[Your goal] Leave out the pictures and output the data verbatim.

BEGIN Raw data

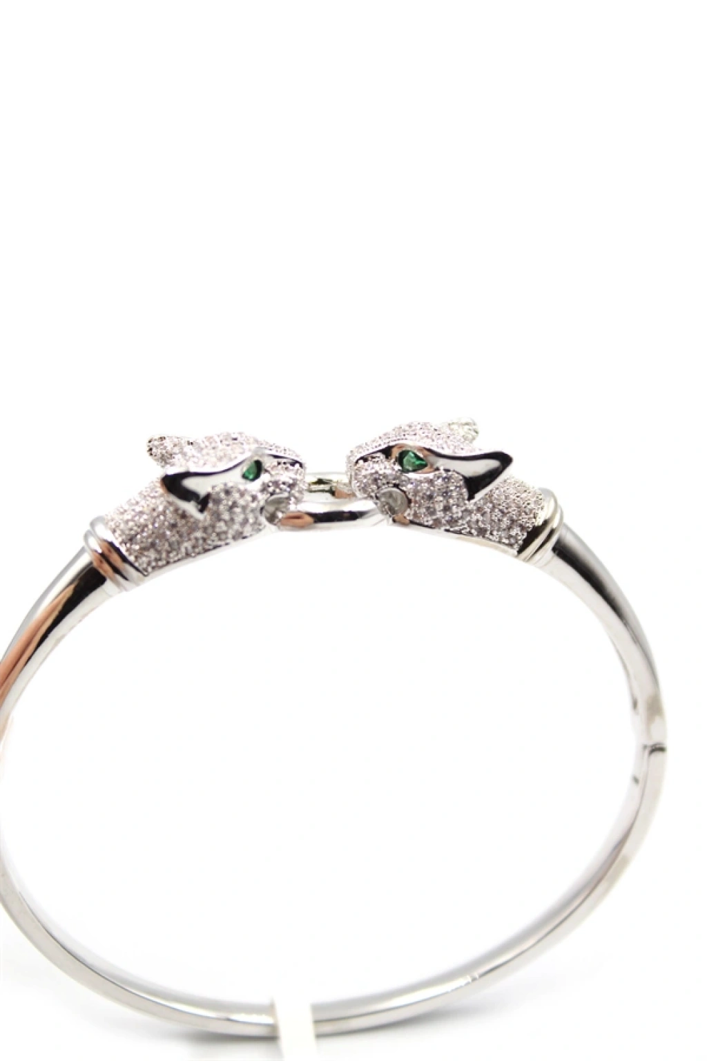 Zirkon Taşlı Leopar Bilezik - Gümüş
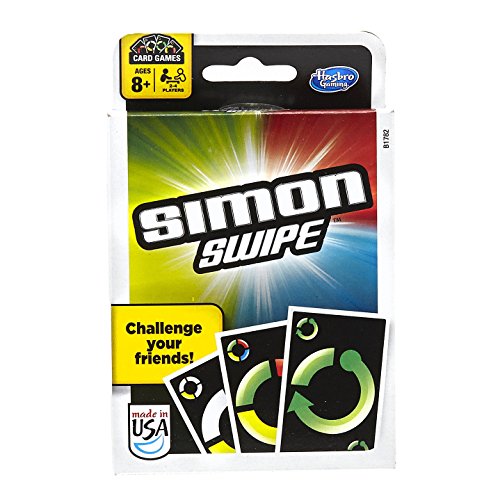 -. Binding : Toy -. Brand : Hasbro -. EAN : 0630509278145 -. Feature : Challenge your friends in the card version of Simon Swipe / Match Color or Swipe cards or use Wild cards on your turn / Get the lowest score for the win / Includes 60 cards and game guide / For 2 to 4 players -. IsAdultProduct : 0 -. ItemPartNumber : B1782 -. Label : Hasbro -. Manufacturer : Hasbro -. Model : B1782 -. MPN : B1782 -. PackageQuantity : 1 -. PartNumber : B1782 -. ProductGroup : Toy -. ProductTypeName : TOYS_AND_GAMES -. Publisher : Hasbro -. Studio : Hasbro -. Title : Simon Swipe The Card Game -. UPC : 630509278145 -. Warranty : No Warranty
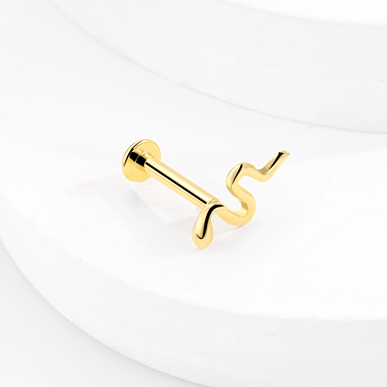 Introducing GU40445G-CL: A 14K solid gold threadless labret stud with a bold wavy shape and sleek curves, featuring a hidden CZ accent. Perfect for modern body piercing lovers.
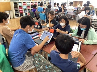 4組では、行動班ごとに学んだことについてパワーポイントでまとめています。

END Raw data

[Task answer]
 Zirkon Taşlı Leopar Bilezik - Gümüş
 -. Binding : Toy -. Brand : Hasbro -. EAN : 0630509278145 -. Feature : Challenge your friends in the card version of Simon Swipe / Match Color or Swipe cards or use Wild cards on your turn / Get the lowest score for the win / Includes 60 cards and game guide / For 2 to 4 players -. IsAdultProduct : 0 -. ItemPartNumber : B1782 -. Label : Hasbro -. Manufacturer : Hasbro -. Model : B1782 -. MPN : B1782 -. PackageQuantity : 1 -. PartNumber : B1782 -. ProductGroup : Toy -. ProductTypeName : TOYS_AND_GAMES -. Publisher : Hasbro -. Studio : Hasbro -. Title : Simon Swipe The Card Game -. UPC : 630509278145 -. Warranty : No Warranty
 Introducing GU40445G-CL: A 14K solid gold threadless labret stud with a bold wavy shape and sleek curves, featuring a hidden CZ accent. Perfect for modern body piercing lovers.
 4組では、行動班ごとに学んだことについてパワーポイントでまとめています。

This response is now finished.